Finnair is scheduling all its aircraft with flat-bed seats in their Business Class cabins to operate on just nine of its long-haul routes.
From April 1, Finnair will dedicate aircraft with flat-bed seats in Business Class to flights to Tokyo and New York, and from May 1 to Beijing and Seoul.
As of June 1 the Finnair Business Class flat-bed seat allocation will also extend to the aircraft operating the airline’s routes linking Helsinki with Hanoi, Hong Kong, Nagoya, Osaka and Shanghai.
The new seats are a result of Finnair’s €29 million ($40 million) program to retrofit most of its widebody fleet of Airbus A330-300 and Airbus A340-300 aircraft.
Finnair’s Zodiac Seats UK Vantage Business Class seats – already in use on the airline’s four newest Airbus A330-300 widebodies – are designed so each provides a fully flat bed of up to 200 centimeters (79 inches), with shoulder room of 58 centimeters (23 inches).
Each fully adjustable seat also comes with an individual reading light, adjustable head rest, mood lights and a range of in-flight entertainment options.

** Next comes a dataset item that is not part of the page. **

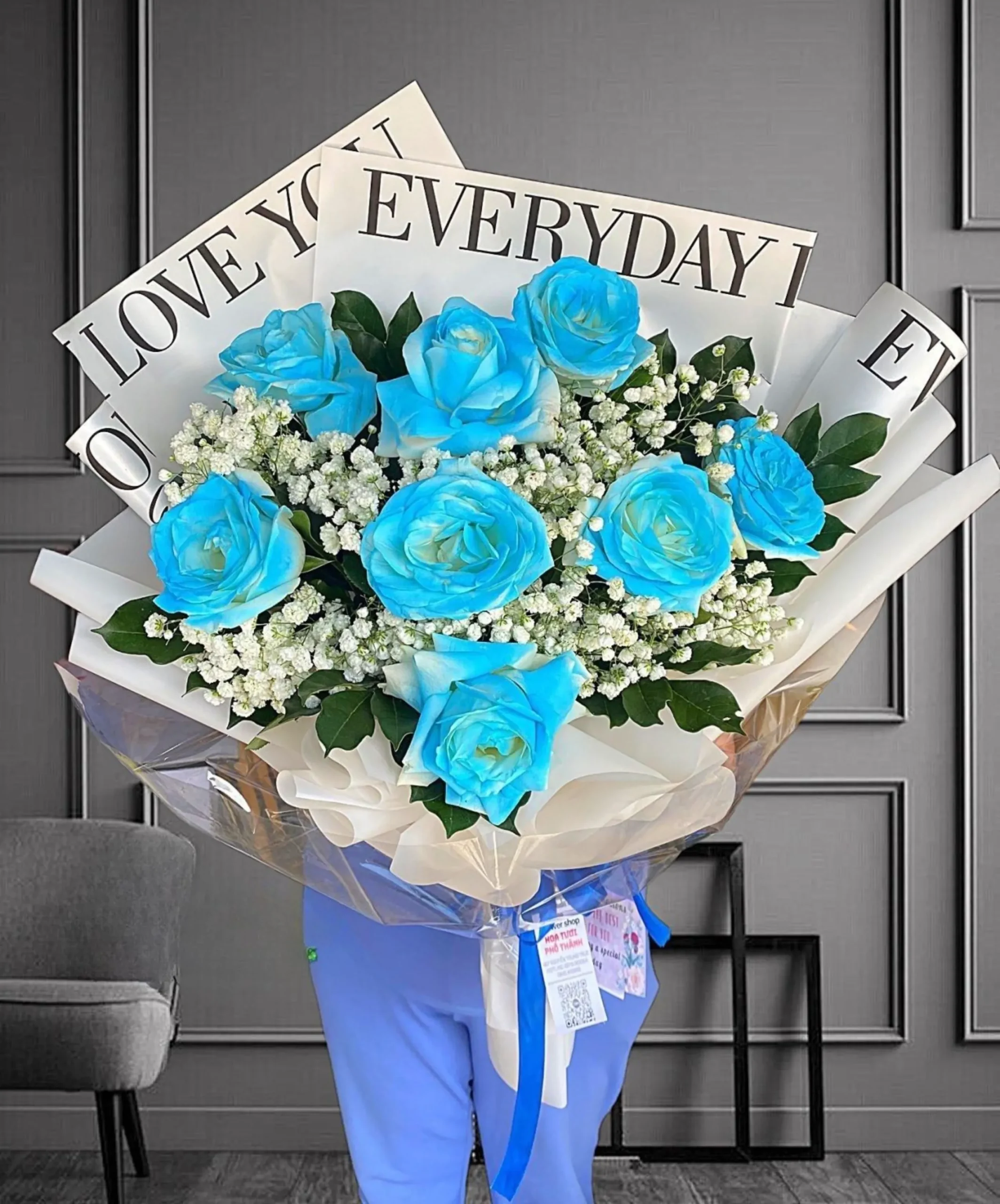 Một bó hoa hồng xinh không chỉ là món quà, mà còn là lời chúc tốt đẹp, là sự quan tâm chân thành bạn muốn gửi đến người nhận. Đặc biệt, màu xanh của hoa hồng tượng trưng cho sự vĩnh cửu và những điều kỳ diệu, kết hợp với baby trắng thể hiện sự ngây thơ và thuần khiết, tạo nên một thông điệp ý nghĩa và sâu sắc.

“We believe that full-flat seats are the new quality standard for long-haul business travel,” says Allister Paterson , Finnair’s chief commercial officer. “A promise of comfort and quality to key business destinations will help make Finnair a very compelling option in business travel, particularly between Europe and Asia.”
After the full-flat retrofit program is complete, all but three of Finnair’s long-haul Airbus fleet will have full-flat seats in Business Class, the only exceptions being three older A340-300s due for retirement from the Finnair fleet in 2015.
According to Finnair, aircraft maintenance or other technical reasons may mean designated full-flat routes still being served from time to time by these older aircraft, which feature angled lie-flat seating in Business Class.
These three A340-300s will be the first to be removed from the fleet as Finnair begins taking delivery in 2015 of 11 Airbus A350-900 widebodies it has ordered.
Finnair currently operates eight Airbus A330-300s and seven A340-300s in its widebody fleet, which serves a network of 15 long-haul destinations in Asia and North America.
The 11 A350-900s Finnair has on firm order (it has also optioned eight more) are due for delivery beginning in the second half of 2015.
According to Finnair, these aircraft will help the airline double its revenue from Asian destinations by 2020. Finnair will be the first European airline to fly the Airbus A350 XWB.